What usually happens is that they send police first to make sure its safe to come in. The ambulance transports the child (sometimes in restraints) to the closest hospital. If they come in an ambulance, they are usually brought into a room quickly. The child is stripped and put in suicide prevention clothing (stuff that would tear if they tried to hang themselves with it). Then you wait. At some point a psych resident or a social worker will come in, talk to everyone for a bit, then say "do you feel safe to bring your child home?". Usually by then the child is calm and there isn't a reason to keep them. Sometimes they have been given a benzo already so they are very relaxed.

If you say "no, I can't take my child home", you will be waiting, maybe for days for a psych bed to open up. Or sent to another hospital that has psych beds. CPS may be called at that point and get involved (which is usually not great, but has helped some).
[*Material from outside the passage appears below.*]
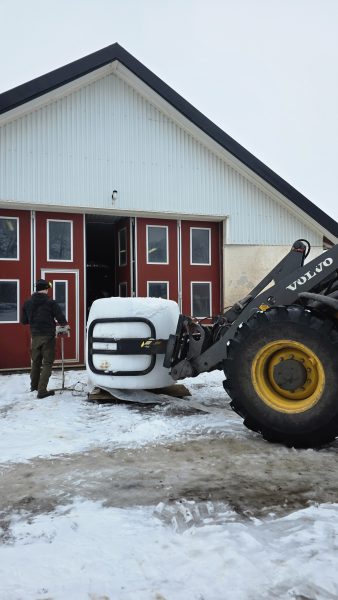 När vi tog över gården och köpte de flesta grejer som traktorer, tröska, såmaskin osv, så var just grejerna inom vall mindre och enkelt. Johns pappa hade inte så mycket djur och då räckte det som fanns, gott och väl. Under tidens gång har vi gått från 12 dikor som fanns på gården till runt 100 djur totalt. Så det blir mer vall att slå, mer balar att pressa och köra hem osv. Därför behöver vi förbättra vallkedjan i takt med att vi har fler djur. Men vi satsar på att bygga upp den med äldre begagnade saker just nu.

If you say you can bring your child home you are discharged and told to follow up with your psychiatrist. That is tricky in itself because there are some areas that are so under served in the area of mental health, they don't have one, they have to wait weeks to get in for a follow up (and months to a year to get a new patient visit). They don't usually give you any changes in medication or ideas on what to do if it happens again.

I have seen 100s of families accounts of their visits to the ER after a violent or suicidal outbreak and 95% follow this same pattern. Its terrible. Not something I every expected in the US.